Радость захлестнула меня всю. Я целовала матушку: Матушка, миленькая, не отдавай меня пожалуйста.
– Не бойся. Я уже подготовила все документы. Пока ты там была, я тоже не сидела сложа руки. Теперь тебе только придется в их присутствии дать согласие, что я буду тебя опекать. А теперь притихни.
Я замерла, казалось, что даже дышать перестала.
– Давай быстренько пробирайся, а я закрою дыру и обойду кругом.

Проскользнув ужиком на территорию монастыря, я знакомыми путями, не боясь, побежала во всю прыть. Мать-келейница заметила меня первой:
– Ах ты, Слава тебе Боже.
Она позвала молодую послушницу:

– Скажи Агафье, что нашлась. Пусть подаст на колокольне сигнал, что сестры могут возвращаться.
Сбежались все. Окружили, гладят меня, славят Царицу Небесную. Вышла вся переволнованная матушка:
– Все по своим делам, а вы Евдокия и Ирина помойте
Софью и положите её спать. Сестры склонили головы:
– Благословите, матушка.
Она осенила их православным крестным знамением, и

всё снова пошло своим чередом.
Вот такая история.
Потом ещё несколько раз приезжали различные
чиновники, осматривали мою келью. Проверяли условия моего содержания. Крутили носом и все настаивали, что мне здесь не место и нужно вернуться в детдом, т.к. там дети, учителя и врачи. Я мычала как теленок:
– Не, не, не. Не пойду. И вцепившись в матушкин подол, не отходила ни на шаг. Теперь в монастыре я живу на законных основаниях. Ещё и платят какие-то копейки на моё содержание. Матушка их кладет на книжку, но с этими событиями в
стране все деньги пропали.
Ну я пошла. Там уже сестры заждались.
Отпустив рассказчицу, я задумалась. Вот это настрадался ребёнок, а я, здоровая кобыла, всё ною и страдаю, что мне плохо и не так живу, как люди.
Следующая неделя пролетела как один день.
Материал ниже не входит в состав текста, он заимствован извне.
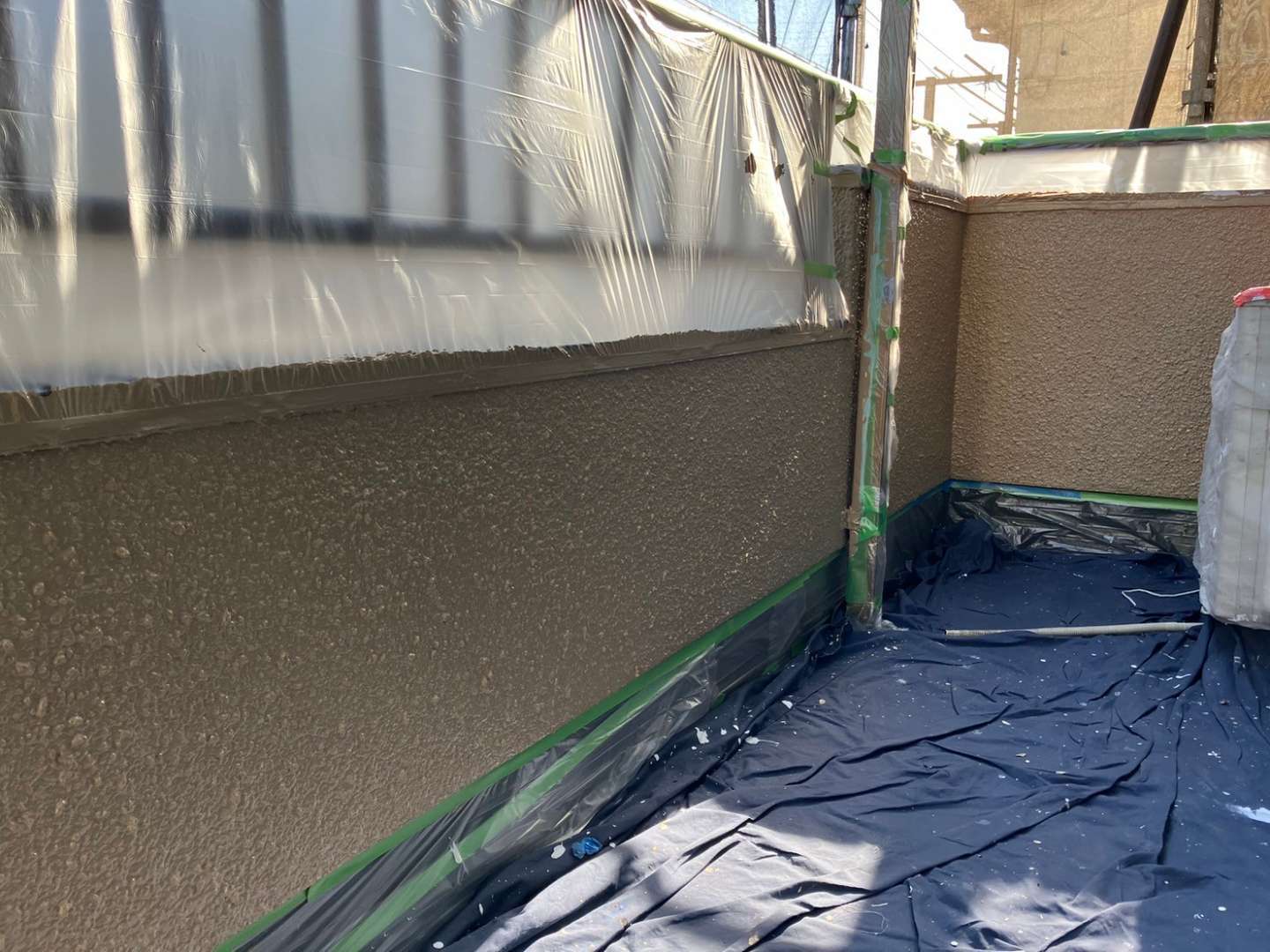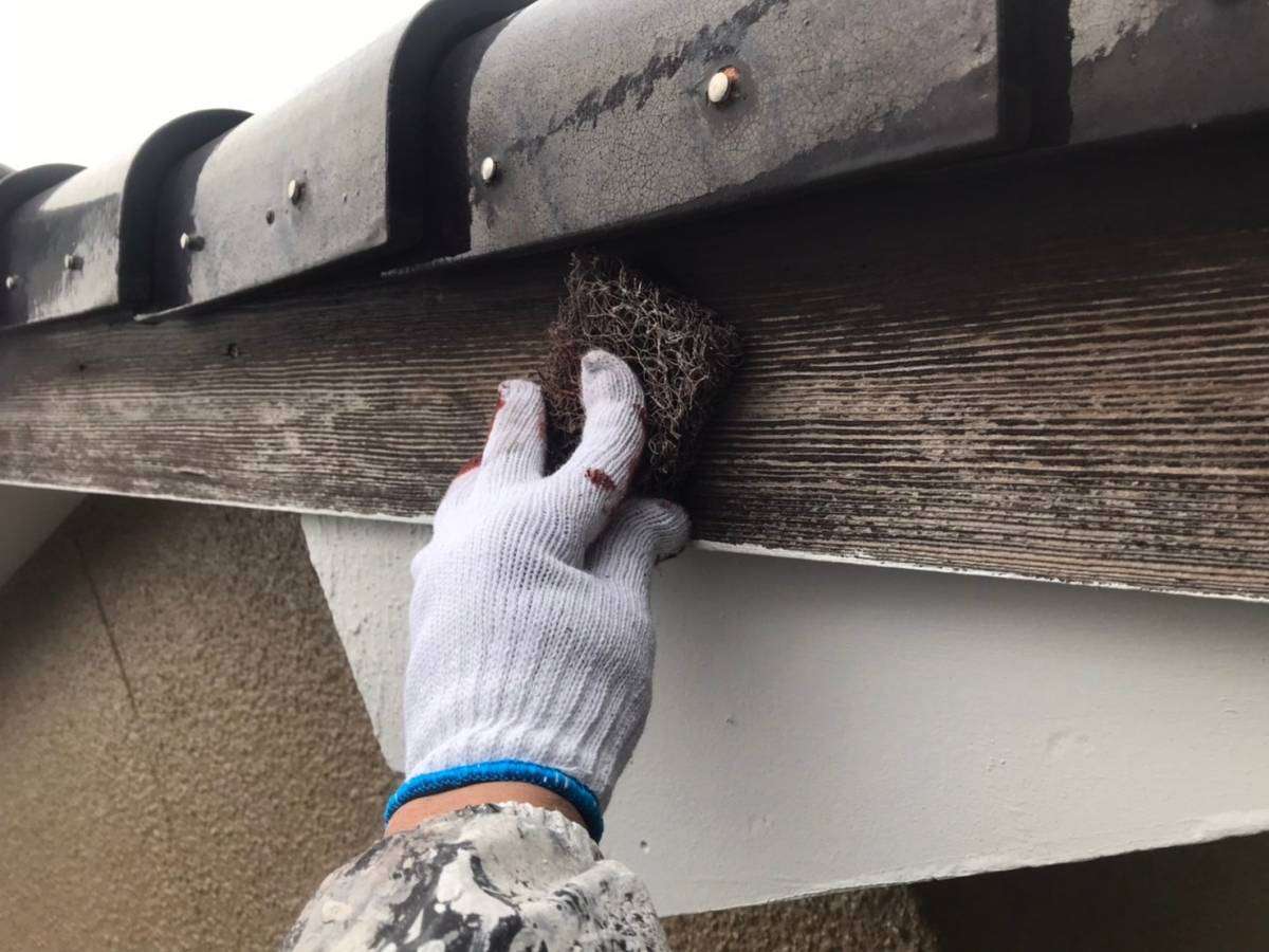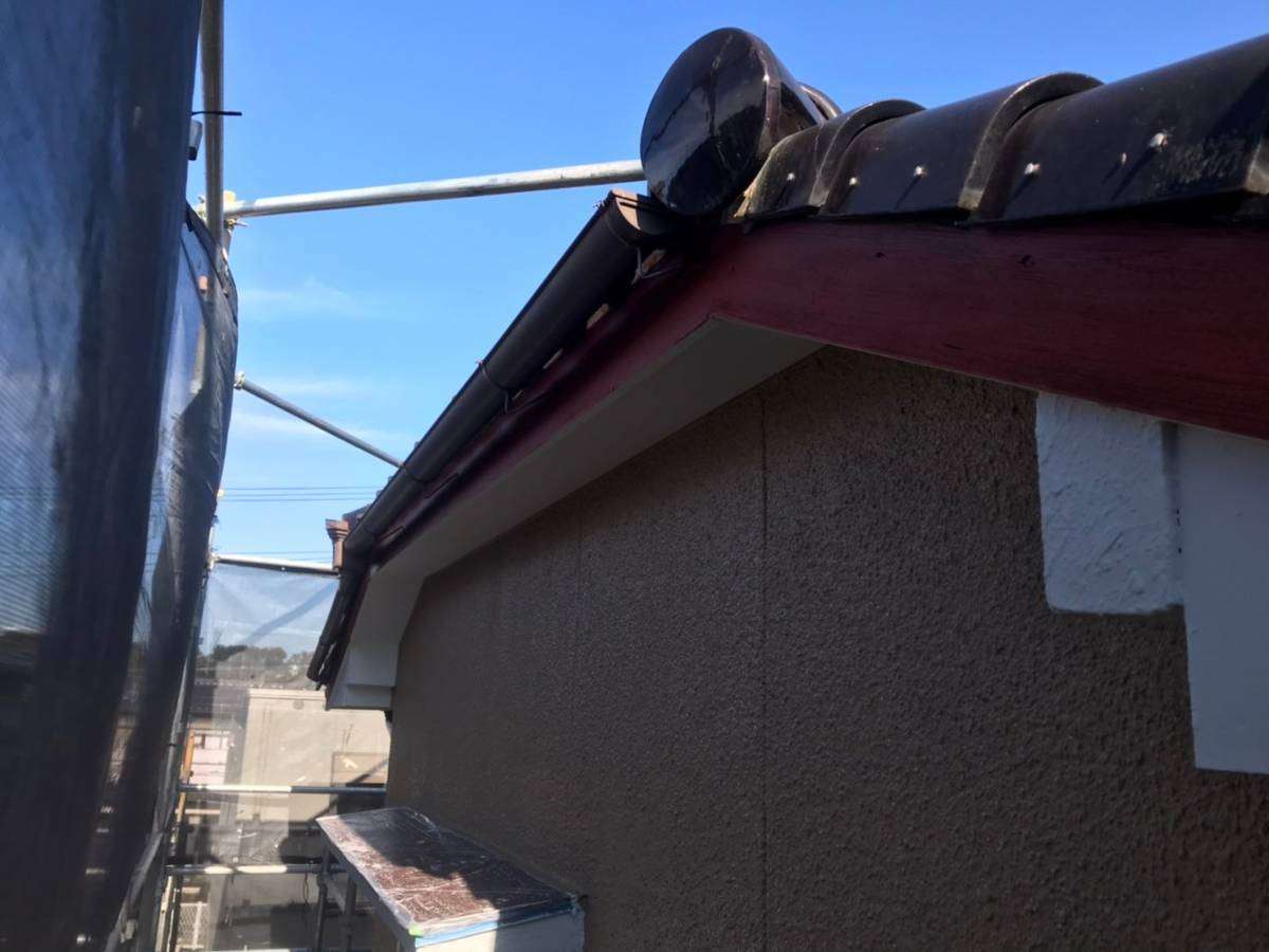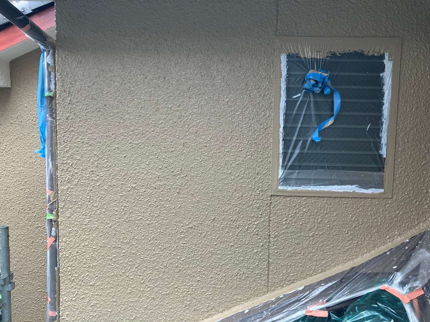 豊明市N様邸の昨日の作業内容は、外壁の下塗り作業、中塗り作業と付帯部のケレン作業、下塗り(錆止め)作業でした。

В воскресенье все заключенные, кроме наказанных и особенно буйных приводили себя в порядок и тоже готовили какие-то подарки. Каждая приготовила от себя записку. Все ждали эту страдалицу. А её всё не было. Уже и повечерело, пора было идти на вечерний обход, а от ворот ни звука ни стука. Стало понятно, что не придет она сегодня.
Посыпались различные предположения:
– Может, её матушка не благословила сегодня.
– Может, заболела, а может, ей рожи наши не понравились все-таки.
Этот свет, приходивший с воли в темницу всего два раза, сумел обогреть и обнадежить сердца многих разуверившихся в людской добродетели узниц. И у меня начала хныкать душа. Прошла ещё одна неделя. Монашка все не приходила, и в зоне всё снова пошло своим чередом. Начались склоки, разборки, суициды и прочие проявления психоза людей, долгое время находящихся в закрытом пространстве. Тут уже не выдержала и я. Однажды, пройдя по камерам с благословения нашего «игумена в пагонах», я объявила, что иду в монастырь, узнать что почем и возьму все их малявы, что они для неё приготовили. Набрался полный пакет бумажек. В среду, в свой законный выходной. Я наглаженная, причесанная, вышла за ворота зоны. Адреса, куда ехать я не знала, но решила, что буду спрашивать и найду как-нибудь. Наверняка люди знают, где у них тут монастырь. Но оказалось, что никто толком ничего рассказать не может. Даже старые бабки удивленно переспрашивали:
– А что, и вправду здесь где-то есть монастырь?
– Есть – раздраженно отвечала я.

Про зону все знают, а про монастырь никто. Пришлось идти в местный участок милиции. Там обычно все всё знают. Ребята хорошие попались, предложили меня ещё и до монастыря подкинуть.
Монастырь от города далеко, в глуши. Рядом заброшенная деревня. Стены монастыря почти целые, видимо, недавно побеленные. Я подошла к калитке и постучала. На той стороне, что-то проговорив скороговоркой о Боге, послышалось скрипение довольно мощного засова, и мне открыли. Всё почти как на зоне, только без вышек и охраны. В узеньком проеме показалась довольно крупная фигура монашки:
– Мир вам приходящий.
– И вам того же.
– Вы по какому делу, сестра?
– Да я к Софье пришла. Она к нам в зону приезжала.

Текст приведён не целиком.